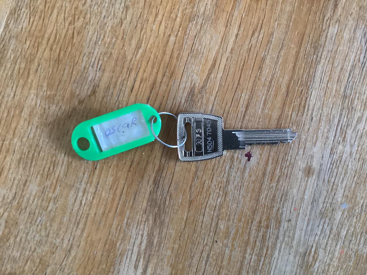 Sleutel met groen label met naam Oscar
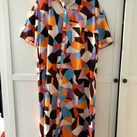 Skjortekjole med kort ærme gennemknappet i orange/ blå/hvide farver
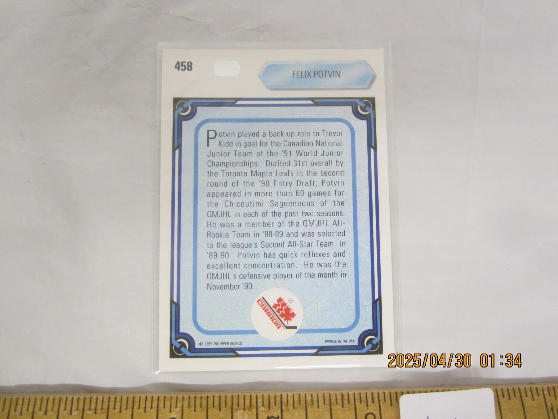 1991 Felix Potvin Upper Deck Rookie Card
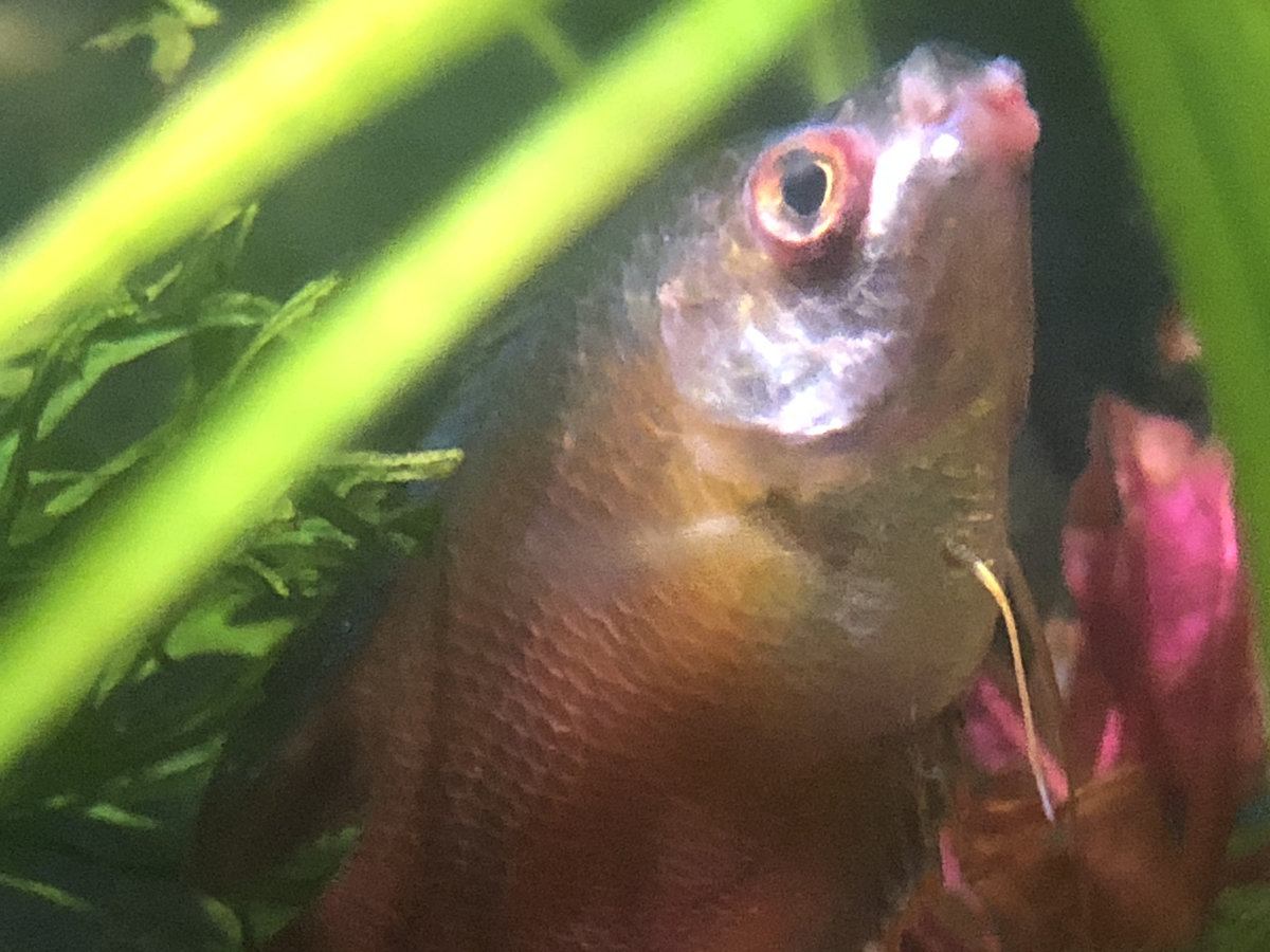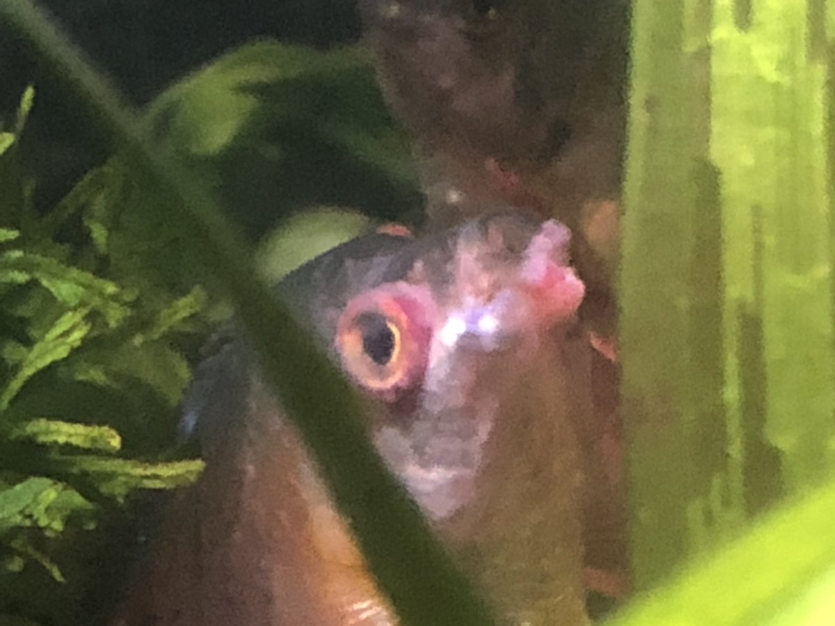 Het viel mij op dat hij met het hoofd geheven drijft en weinig zwemt. De dag er na begon het rechter oog uit te puilen en er hebben nu ook kleine wratten/uitstortingen/bultjes hoe je het maar wilt noemen om de mond ontstaan. Ik weet dat dwerggoerami’s relatief zwakke vissen zijn maar ik heb geen idee wat hier aan de hand is.
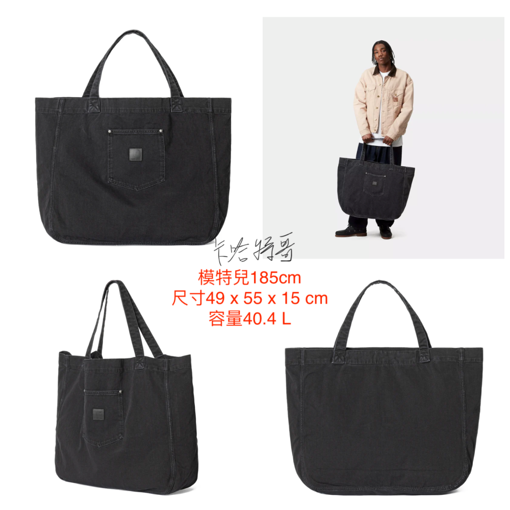 The Rivet Tote Bag is made from heavyweight cotton denim and is unlined. The item has an inner zipped pocket and an outer pocket detailed with metal rivets. An artificial leather Square Label completes the design.
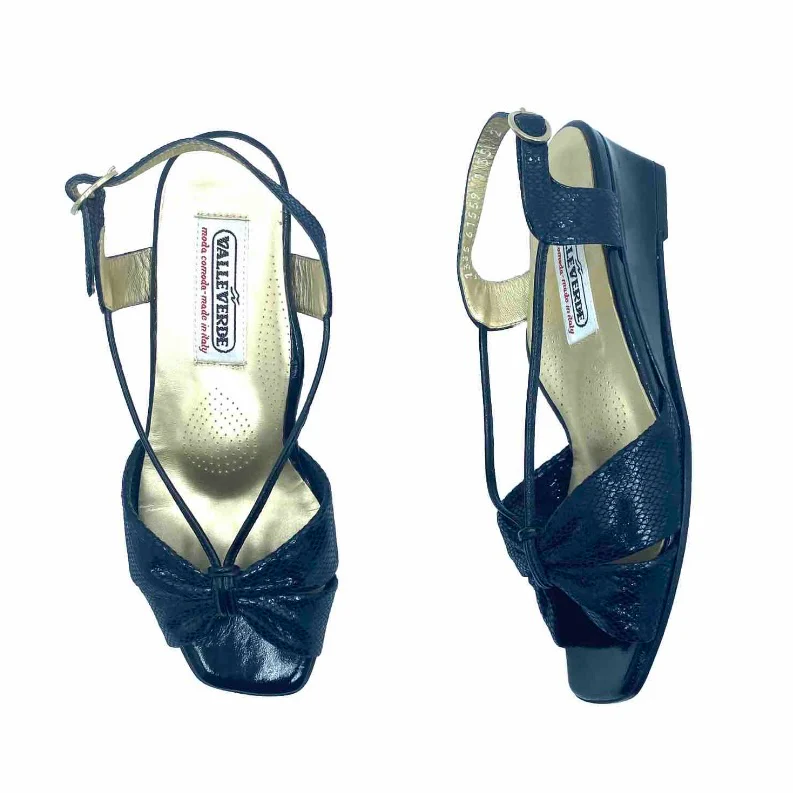 Sandali lavorazione flexible VALLEVERDE moda comoda numeri 35 in vera pelle, calzata morbidissima di colore blu scuro, con suola in cuoio m, zeppa 4 cm, soletta in pelle
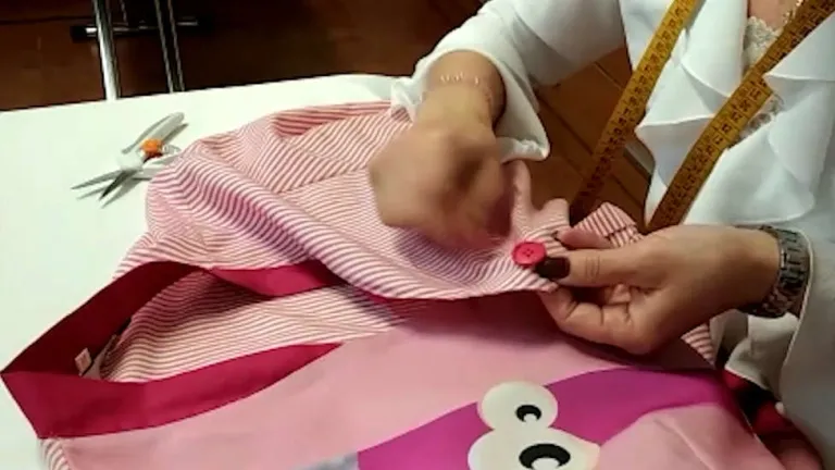 En la primera clase nos explica cómo coser un botón. "Apuntamos en la parte de arriba donde va a ir el botón y pasaríamos la aguja por los agujeros del botón. Si os fijáis tengo el hilo doble. Por el último agujero le haré un pie al botón. Es decir, dar unas cuantas vueltas alrededor del botón para que se quede firme y se quede algo despegado de la tela", va explicando.
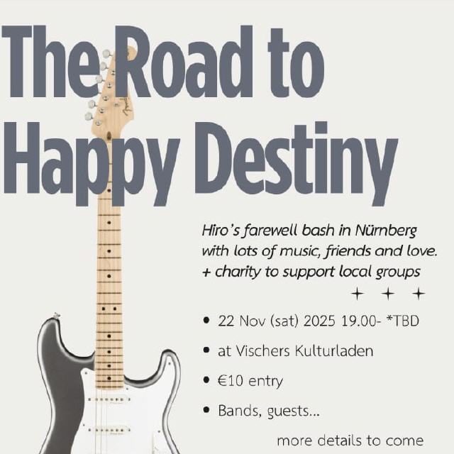 The Road to Happy Destiny – Ein Eric Clapton Tribute Konzert, akustisch und elektrisch. Hiro Kameis Abschiedsparty in Nürnberg mit Musik, Freunden und Liebe. Zudem eine Charity-Aktion zur Unterstützung lokaler Initiativen (der Hut geht rum).

» **REQUIRED ACTION**:
Should any entry above carry a picture, omit it and repeat everything else word for word.

» **THE COMPLETED TASK**:
 Sleutel met groen label met naam Oscar
 Skjortekjole med kort ærme gennemknappet i orange/ blå/hvide farver
 1991 Felix Potvin Upper Deck Rookie Card
 Het viel mij op dat hij met het hoofd geheven drijft en weinig zwemt. De dag er na begon het rechter oog uit te puilen en er hebben nu ook kleine wratten/uitstortingen/bultjes hoe je het maar wilt noemen om de mond ontstaan. Ik weet dat dwerggoerami’s relatief zwakke vissen zijn maar ik heb geen idee wat hier aan de hand is.
 The Rivet Tote Bag is made from heavyweight cotton denim and is unlined. The item has an inner zipped pocket and an outer pocket detailed with metal rivets. An artificial leather Square Label completes the design.
 Sandali lavorazione flexible VALLEVERDE moda comoda numeri 35 in vera pelle, calzata morbidissima di colore blu scuro, con suola in cuoio m, zeppa 4 cm, soletta in pelle
 En la primera clase nos explica cómo coser un botón. "Apuntamos en la parte de arriba donde va a ir el botón y pasaríamos la aguja por los agujeros del botón. Si os fijáis tengo el hilo doble. Por el último agujero le haré un pie al botón. Es decir, dar unas cuantas vueltas alrededor del botón para que se quede firme y se quede algo despegado de la tela", va explicando.
 The Road to Happy Destiny – Ein Eric Clapton Tribute Konzert, akustisch und elektrisch. Hiro Kameis Abschiedsparty in Nürnberg mit Musik, Freunden und Liebe. Zudem eine Charity-Aktion zur Unterstützung lokaler Initiativen (der Hut geht rum).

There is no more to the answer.